▶ **THE TASK**
Give every entry below again, exactly as written, and skip the images.

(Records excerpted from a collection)
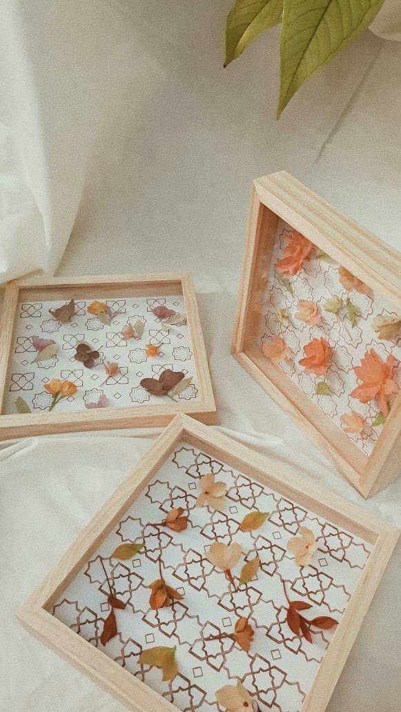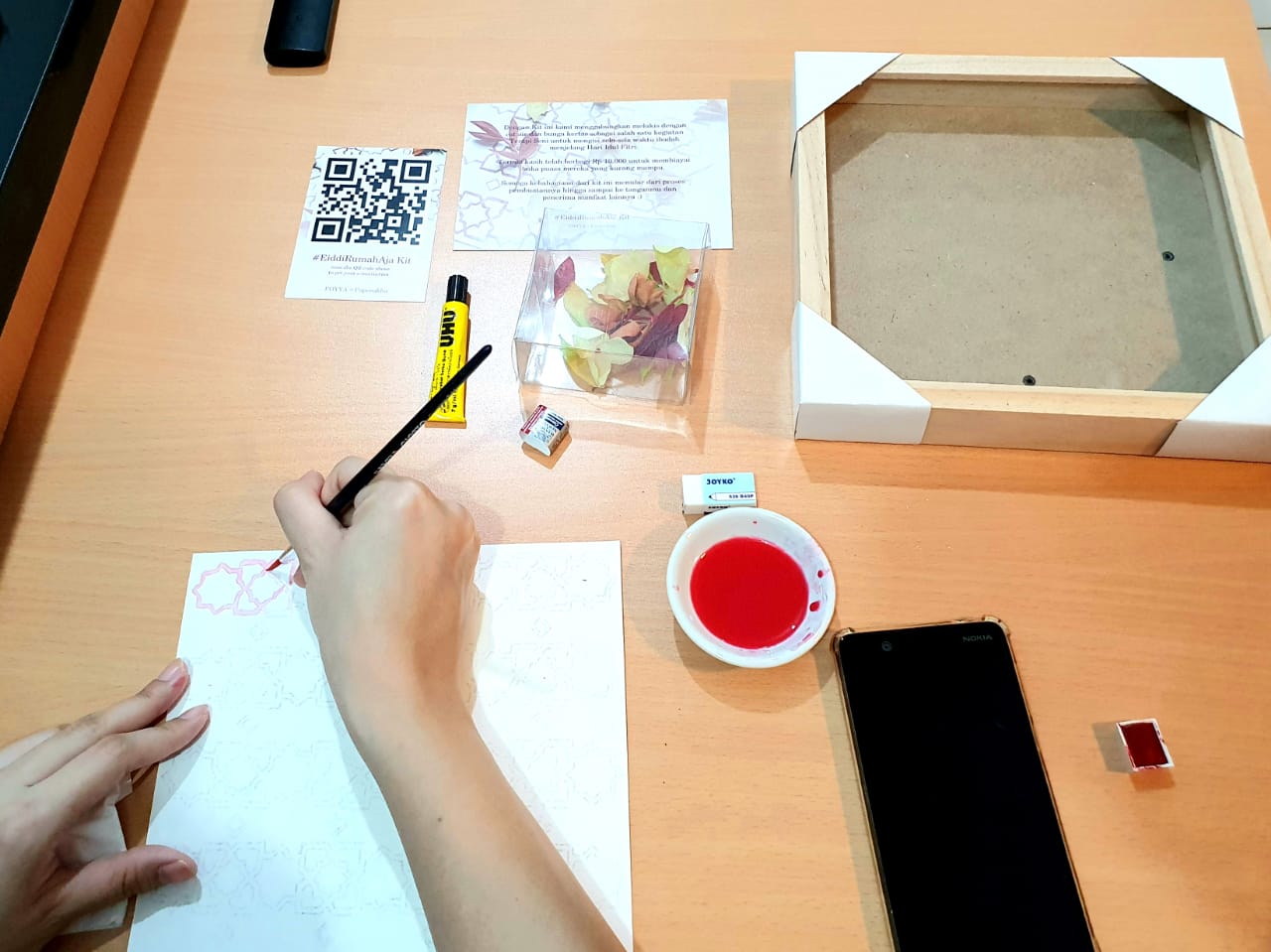 Selanjutnya tinggal mengaplikasikan cat air mengikuti pola yang sudah ada pada kertas sketsa. Untuk langkah-langkah lengkapnya semua ada di tutorial. Prosesnya lumayan simpel, hanya membutuhkan konsentrasi ekstra karena garis pola sangat halus dan detail. Sangat disarankan untuk mencari waktu yang cukup luang agar tidak terburu-buru saat mengerjakan. Setelah selesai mewarnai pola, kita tunggu dulu catnya agar kering sempurna. Jika sudah kering, kita dapat melanjutkan ke tahap selanjutnya, yaitu menempelkan bunga kertas. Pada tutorial sudah ada susunan bunga kertas yang dapat diikuti, namun kita bisa juga menempelkan bunga sesuai dengan selera masing-masing. Langkah yang terakhir adalah merapihkan hasil karya akhir dan memasang lukisan pada pigura 3D.
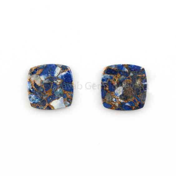 Copper Lapis Lazuli Cushion Flat Gemstone For Jewelry Making | Calibrated Loose Beads Stone For Jewelry 2 Pcs 12mm And All Sizes Available
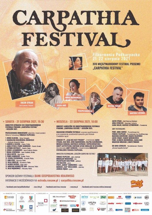 Już 21 i 22 sierpnia w Filharmonii Podkarpackiej zaśpiewają artyści z różnych stron świata podczas XVII edycji „Rzeszów Carpathia Festival” Międzynarodowego Festiwalu Piosenki 2021. Gościem honorowym festiwalu jest Jacek Cygan, a w koncercie finałowym wystąpią polskie gwiazdy: Kasia Moś, Anika Dąbrowska, Ralph Kamiński, Michał Rudaś, Bartosz Listwan!
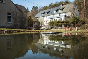 Een driezijdige binnenplaats, een hectare natuurtuin, een meertje, zwermen zwaluwen en kikkers, een bloemenzee en een wilde bloemenweide, uitzicht op het heuvellandschap en een...
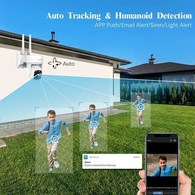 {Wireless Security Camera System} This WiFi security camera system includes a 10-channel NVR and wireless outdoor cameras, providing reliable home surveillance without running long network cables. Perfect for monitoring homes, offices, garages, warehouses, and businesses. {350° Pan, 90° Tilt & Auto Tracking} The PTZ security camera supports 350° horizontal pan and 90° vertical tilt, delivering wide-area coverage with minimal blind spots. The built-in AI auto-tracking feature automatically follows moving people to keep them within the camera view. {130° Wide-Angle Viewing} The camera features a 130° ultra-wide-angle lens, providing broader coverage for outdoor areas such as yards, driveways, and parking spaces while reducing surveillance blind spots. {Dual Antennas for Stronger WiFi Signal} Each camera is equipped with dual high-gain antennas, increasing wireless transmission distance by up to 55%. This helps maintain a more stable signal and smoother video compared with standard single-antenna cameras. {Two-Way Audio & Free Remote App} The cameras include a built-in microphone and speaker for real-time two-way audio communication. Use the free Honestview app on iOS, Android, tablet, or PC to access live view, playback, and remote monitoring anytime with no monthly subscription fees.
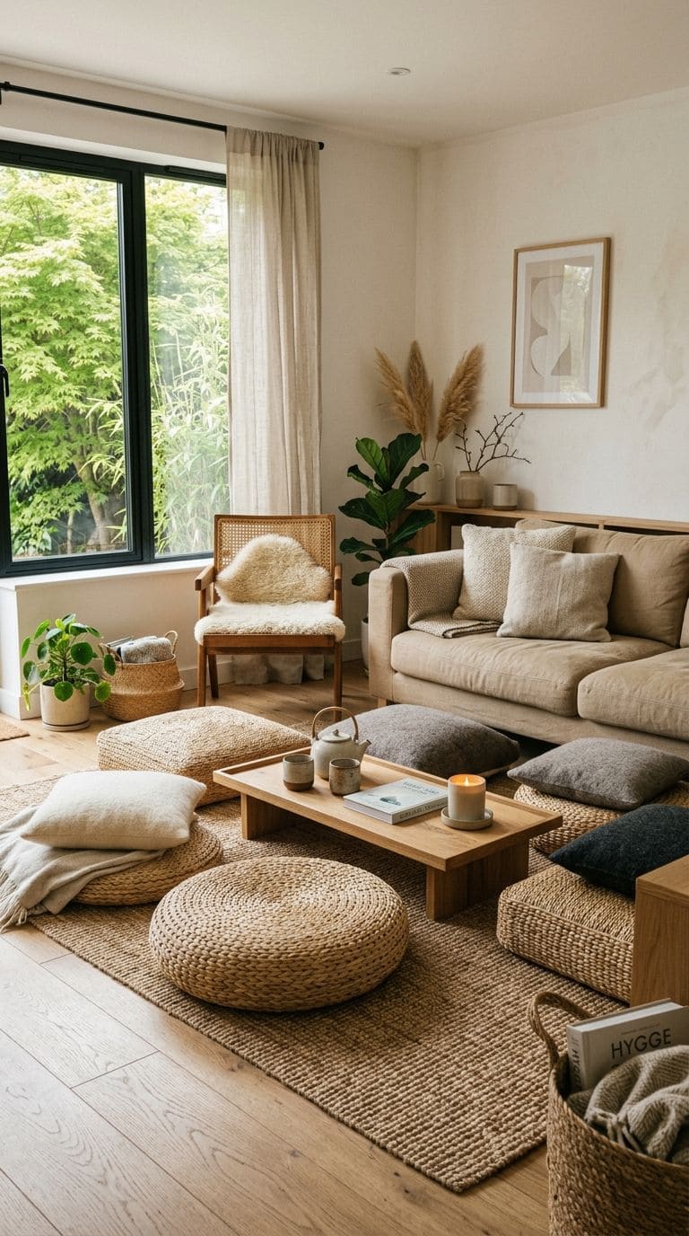 Add floor cushions for extra seating that’s easy to stow away. They’re perfect for casual gatherings.

▶ **ANSWER BOX**
 Selanjutnya tinggal mengaplikasikan cat air mengikuti pola yang sudah ada pada kertas sketsa. Untuk langkah-langkah lengkapnya semua ada di tutorial. Prosesnya lumayan simpel, hanya membutuhkan konsentrasi ekstra karena garis pola sangat halus dan detail. Sangat disarankan untuk mencari waktu yang cukup luang agar tidak terburu-buru saat mengerjakan. Setelah selesai mewarnai pola, kita tunggu dulu catnya agar kering sempurna. Jika sudah kering, kita dapat melanjutkan ke tahap selanjutnya, yaitu menempelkan bunga kertas. Pada tutorial sudah ada susunan bunga kertas yang dapat diikuti, namun kita bisa juga menempelkan bunga sesuai dengan selera masing-masing. Langkah yang terakhir adalah merapihkan hasil karya akhir dan memasang lukisan pada pigura 3D.
 Copper Lapis Lazuli Cushion Flat Gemstone For Jewelry Making | Calibrated Loose Beads Stone For Jewelry 2 Pcs 12mm And All Sizes Available
 Już 21 i 22 sierpnia w Filharmonii Podkarpackiej zaśpiewają artyści z różnych stron świata podczas XVII edycji „Rzeszów Carpathia Festival” Międzynarodowego Festiwalu Piosenki 2021. Gościem honorowym festiwalu jest Jacek Cygan, a w koncercie finałowym wystąpią polskie gwiazdy: Kasia Moś, Anika Dąbrowska, Ralph Kamiński, Michał Rudaś, Bartosz Listwan!
 Een driezijdige binnenplaats, een hectare natuurtuin, een meertje, zwermen zwaluwen en kikkers, een bloemenzee en een wilde bloemenweide, uitzicht op het heuvellandschap en een...
 {Wireless Security Camera System} This WiFi security camera system includes a 10-channel NVR and wireless outdoor cameras, providing reliable home surveillance without running long network cables. Perfect for monitoring homes, offices, garages, warehouses, and businesses. {350° Pan, 90° Tilt & Auto Tracking} The PTZ security camera supports 350° horizontal pan and 90° vertical tilt, delivering wide-area coverage with minimal blind spots. The built-in AI auto-tracking feature automatically follows moving people to keep them within the camera view. {130° Wide-Angle Viewing} The camera features a 130° ultra-wide-angle lens, providing broader coverage for outdoor areas such as yards, driveways, and parking spaces while reducing surveillance blind spots. {Dual Antennas for Stronger WiFi Signal} Each camera is equipped with dual high-gain antennas, increasing wireless transmission distance by up to 55%. This helps maintain a more stable signal and smoother video compared with standard single-antenna cameras. {Two-Way Audio & Free Remote App} The cameras include a built-in microphone and speaker for real-time two-way audio communication. Use the free Honestview app on iOS, Android, tablet, or PC to access live view, playback, and remote monitoring anytime with no monthly subscription fees.
 Add floor cushions for extra seating that’s easy to stow away. They’re perfect for casual gatherings.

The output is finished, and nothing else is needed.